書評

甘粕正彦、李香蘭――満洲映画協会の最期を見届けて 95歳映画編集者・岸富美子

文: 岸 富美子

『満映とわたし』(岸富美子・石井妙子 著)

映画会社社員が極寒の中、炭鉱労働へ

 敗戦後、侵攻してきたソ連軍は本当に恐怖でした。若い女性は襲われないように顔を汚したりしたものです。そのうち中国国民党と共産党の国共内戦が始まり、旧満映社員たちは帰国もできず、困難な選択を迫られることになります。

岸富美子きしふみこ/1920年、中国奉天省営口で生まれる。15歳で京都の第一映画社に入社し、編集助手となる。1939年、満洲に渡り、満洲映画協会に入社。敗戦後、中国共産党とともに行動し、1953年まで中国映画の草創期を支える。帰国後はフリーランスとして主に独立プロの映画編集を手がけた。

 私や兄の一家は旧満映の映画機材を守りたいという思いもあり、中国共産党と共に中国北部に向かうことになりました。当時の有名な映画監督だった内田吐夢さんや木村荘十二さんも一緒です。食糧もなく、極寒の中での炭鉱労働や、閉ざされた日本人社会の中での裏切り、密告、吊し上げ……。いろんなことがありました。

 その詳細は、これまであまり語られてこなかったのです。私はどうしても、それを書き残したかった。今回の本の原点となっています。

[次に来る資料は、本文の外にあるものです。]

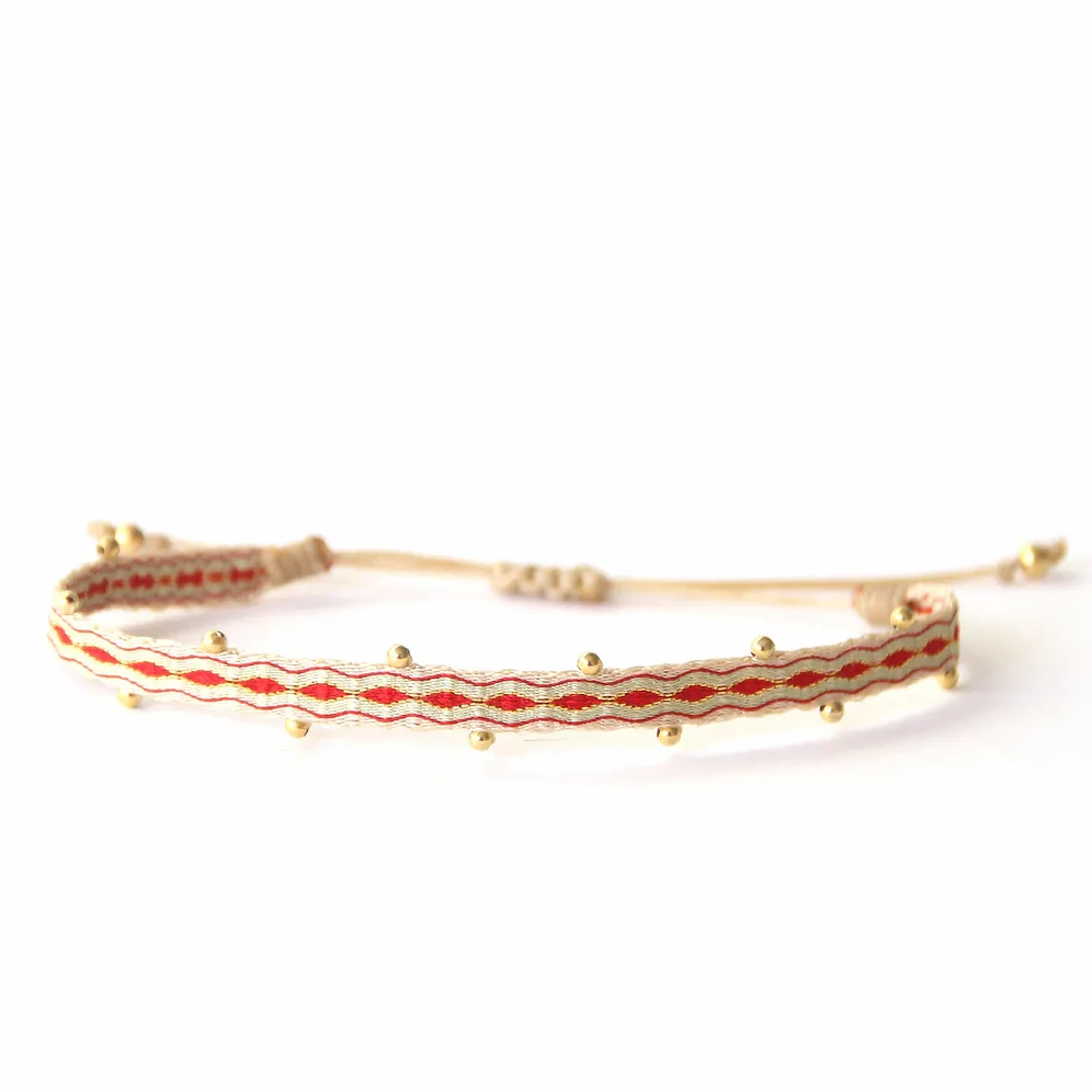 Bracelet orné de perles en or et tissés de rouge, de beige, de vert pistache et d’un fil métalisé doré. Ce bracelet est 100% fait à la main.

 国共内戦が終わり、私たちは長春の旧満映撮影所に戻り、中国共産党が作る映画の製作に協力しました。私が編集を担当した『白毛女』という映画は、今でも中国人で知らない人はいない国民的映画と言われています。

 しかし、旧満映の日本人技術者たちが映画の製作に協力していたことは、長く伏せられていました。状況が変わったのは比較的最近のことです。

石井妙子いしいたえこ/ノンフィクション作家。1969年、神奈川生まれ。著書に『おそめ』(新潮ドキュメント賞、講談社ノンフィクション賞、大宅壮一ノンフィクション賞の最終候補作)、『日本の血脈』ほか。

 結局、私たちが帰国したのは昭和28年。満洲に渡ってから14年が経っていました。

 一昨年、ノンフィクション作家の石井妙子さんの取材を受けたことから、「甘粕正彦と満洲映画『94歳最後の証言』」(「文藝春秋」2014年10月号)という記事になり、それが今回の出版につながりました。

 今まで語らなかったこと、語れなかったこと、語っても活字にならなかったこと。すべてがここに綴られています。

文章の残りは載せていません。